According to the DOJ brief, US District Chief Judge Miranda Du made legal errors in rejecting the original suit that should not be upheld. (Judge Du noted that the lawsuit failed to clearly show any agreement to conspire among the resort operators, and that the software generated pricing recommendations that hotels were not obligated to follow.)
The DOJ wrote that upholding Du’s ruling “could stymie meritorious antitrust claims involving pricing algorithms.”
The DOJ is not part of the lawsuit but occasionally weighs in on cases that it thinks are in the public interest.
The price-fixing lawsuit was filed in January 2023 by Seattle-based law firm Hagens Berman Sobol Shapiro. It alleges that the four biggest Las Vegas casino companies used Cendyn software to collude to artificially inflate the rates of their hotel rooms in violation of the Sherman Antitrust Act.
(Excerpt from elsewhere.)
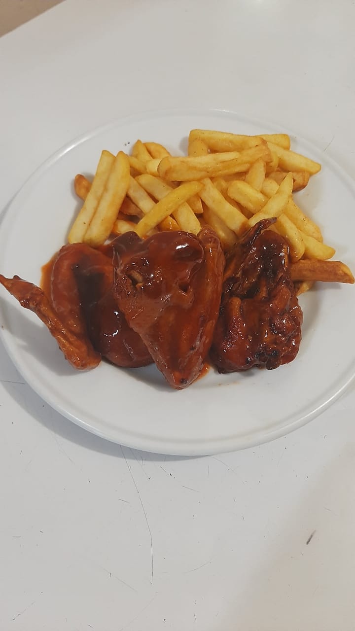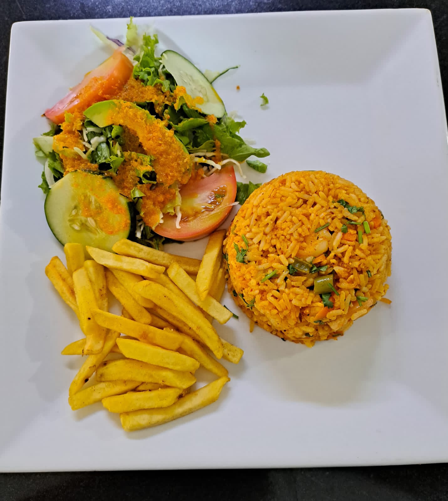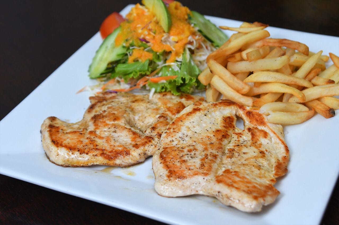 Contiene pollo, res, cerdo, huevo, mostaza china, chile dulce y cebollino con papas a la francesa y ensalada.

Cendyn’s “Rainmaker” software continuously accesses a partnered casino hotel’s occupancy data and certain nonpublic proprietary data. The software then “processes and analyzes” the data inputs for that individual hotel. The service then uses an algorithm with “other supply and demand data” from competing hotels to recommend an “optimal” rate for the casino hotel’s rooms.
The casino may adopt or reject Rainmaker’s recommended rate. The complaints argue that casinos adopt the software’s recommended rate about 90% of the time.
The hotel groups and Cendyn all deny any wrongdoing.
The appeal is currently ongoing. Once the 9th Circuit reviews submissions from both sides, a three-judge panel will hear oral arguments. A decision is expected sometime next year.
Plaintiffs in the Atlantic City case are expected to appeal that decision as well.